In monastic institutions, the pre-dominant handwashing facilities are tap points at 97% while the remaining 3%comprise of buckets, tanks, taps connected to syntax and wash basins, according to the Wash Baseline Survey In Monastic Schools And Nunneries in Bhutan, 2019.
The survey found that only a quarter of the monastic institutions have both soap and water at the hand-washing facilities compared to 715 with water only. In terms of the frequency for group hand-washing activities, at least half (53%) of the institutions conducted group hand-washing activities once a week for monks and nuns. There are 248 monastic institutions in the country today.
The Global Handwashing Day is observed every October 15 to raise awareness on the importance of handwashing with soap. This year’s Global Handwashing Day theme was ‘Hand Hygiene for All’ and aimed to catalyze the momentum from the COVID-19 pandemic, which has highlighted the critical role of hand hygiene to prevent disease transmission.
Calling on all to wash their hands with soap, the Central Monk Body’s Leytshog Lopen Sangay Dorji said since the mental wellbeing depends on a healthy body, taking good care of the body and maintaining hygiene is critical.

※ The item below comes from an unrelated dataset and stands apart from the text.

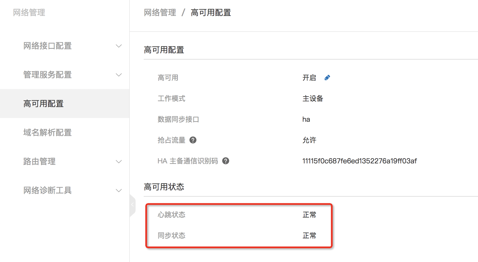 - 从WEB管理界面「网络管理-高可用配置」中可以看到心跳状态与同步状态,状态均为正常。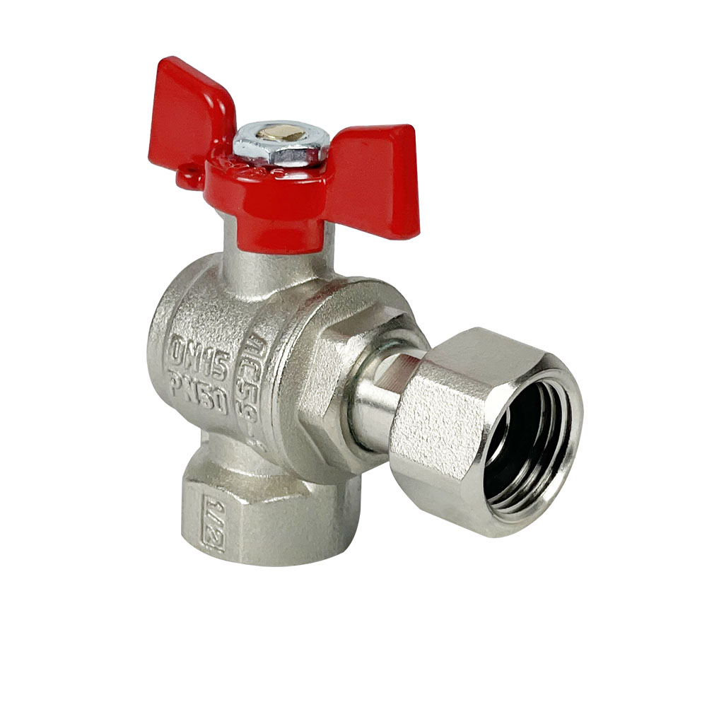 Краны шаровые муфтовые латунные угловые с накидной гайкой на номинальное давление PN 4,0 МПа (40 кгс/см²), PN 5,0 МПа (50 кгс/см²) и PN 6,3 МПа (63 кгс/см²), условного прохода (номинального диаметра) от DN 15 до DN 25, предназначенные для применения в качестве запорной арматуры в составе для промышленных и технических водопроводов горячей воды, пара, сжатого воздуха и в технологических трубопроводах, транспортирующих жидкости, не агрессивные к материалам крана.

“Buddha, in his teaching had also emphasized on the importance of hygiene, as body is the most important part of our lives. As we observe the Global Handwashing day today, I urge all to wash your hands with soap not just to mark the day but to make it a daily practice,” the Leytshog Lopen said.
The theme, according to the media release, is a reminder of the immediate need for proper hand hygiene to respond and control the COVID-19 pandemic as well as the need to work toward lasting handwashing habits in the long-term.

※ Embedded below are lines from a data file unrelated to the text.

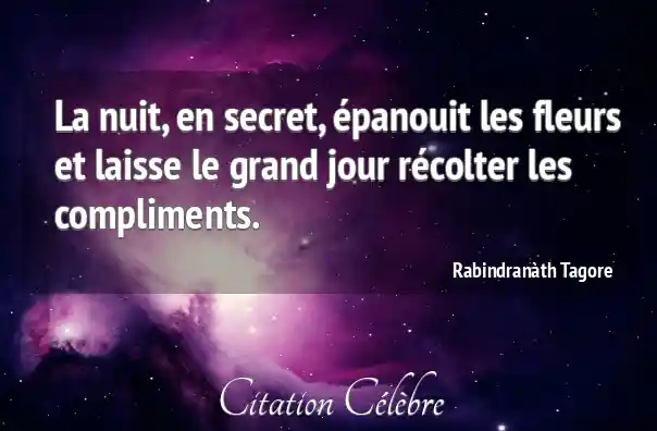 La nuit, en secret, épanouit les fleurs et laisse le grand jour récolter les compliments.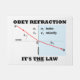 屈折の法則としても知られているスネルの法則をフィーチャーした光学物理学のユーモア。スネルの法則は、入射角と屈折角のサインの比率は、メディアに依存する定数であると述べている。自分がどこにいても何をしていても、この教育科学楽しむユーモアの表現は「屈折に従え律法だ」ということになる。物理学の先生や物理である必要専攻のは楽しむない。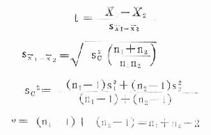 (二)t检验 可用于两样本含量n1、n2较小时,且要求两总体方差相等,即方差齐(homoscedasticity)。若被检验的两样本方差相差较大且差别有统计学意义则需用t'检验。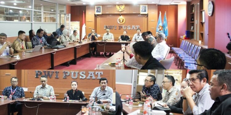 Gambar: Suasana sosialisasi program kepemilikan rumah subsidi bagi wartawan yang berlangsung di Sekretariat PWI Pusat, Jakarta. Tampak jajaran pengurus PWI Pusat bersama perwakilan BP Tapera dan Bank BTN berdiskusi mengenai teknis akses pembiayaan perumahan yang terjangkau bagi para jurnalis.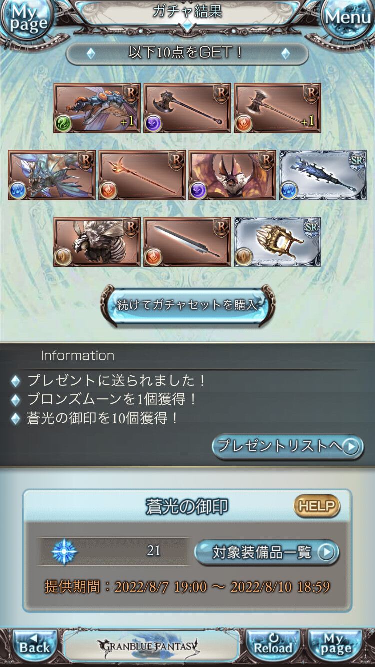 やったぜグラブル以外のガチャ運はそこそこなんだがなぁ…
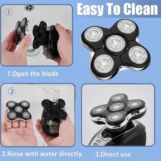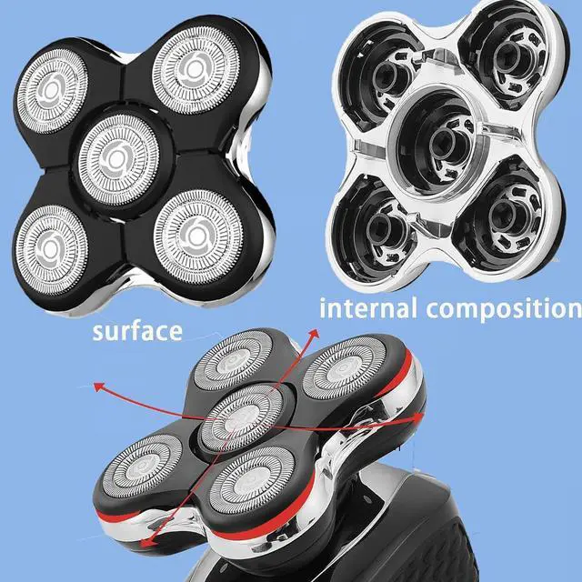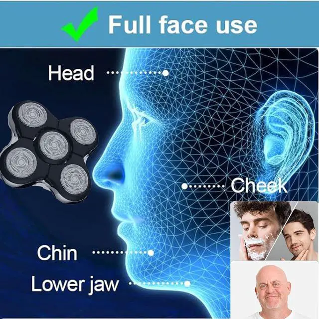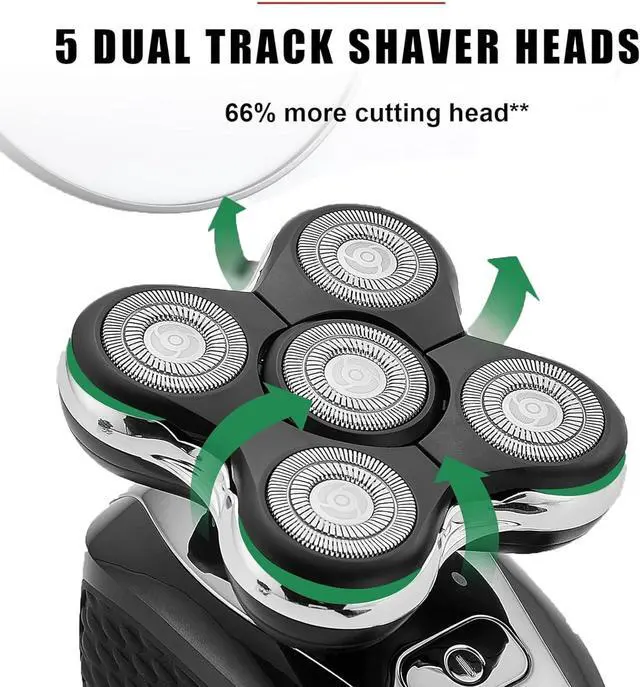 EFFICIENCY: 5 Dual Track Shaver Heads, Shaven Head In Under 2 Minutes.

Commending the increase in the number of handwashing facilities in schools across the country, Education Minister JB Rai said that this is a result of the education family rising up to the call to secure the safety of children.
“The numbers indicate the readiness of our schools to reopen safely and ensure access to handwashing facilities for all students,” the Minister said. “For people to be able to practice hand hygiene, they need hand hygiene facilities that are conveniently located and easy to use. Our schools are now well equipped with these facilities.”
Health Minister Dechen Wangmo commended the efforts of the education ministry and partners in improving handwashing facilities in schools across the country.
“The change we are seeing in terms of improved access to proper handwashing facilities in schools is one of our biggest achievements to date and a proud moment for all of us,” the Minister observed. “The COVID-19 pandemic provides a stark reminder that one of the most effective ways to stop the spread of a virus is also one of the simplest – handwashing with soap.”
The global hand hygiene for all initiative, SNV Bhutan Country Director Kencho Wangdi said, is designed around three stages of responding to the immediate pandemic, rebuilding infrastructure and services, and reimagining hand hygiene in a society.
“The achievement in handwashing facilities in schools is evident of the efforts of the Royal Government of Bhutan (RGoB) in responding, rebuilding and reimagining hand hygiene in the country,” he said. “SNV remains committed to support the efforts in ensuring hand hygiene for all.”
UNICEF Bhutan Representative Dr Will Parks said that the improvement in handwashing facilities in schools is significant and shows the RGoB’s priority in ensuring the safety of children across the country.
“This progress will help stop the spread of COVID-19 and keep children safe while providing them with an effective learning environment,” Dr Will Parks. “Handwashing with soap is a lifesaving measure and UNICEF commits to work closely with the RGoB on further improving access to inclusive WASH facilities in schools and public places to secure the safety of everyone.”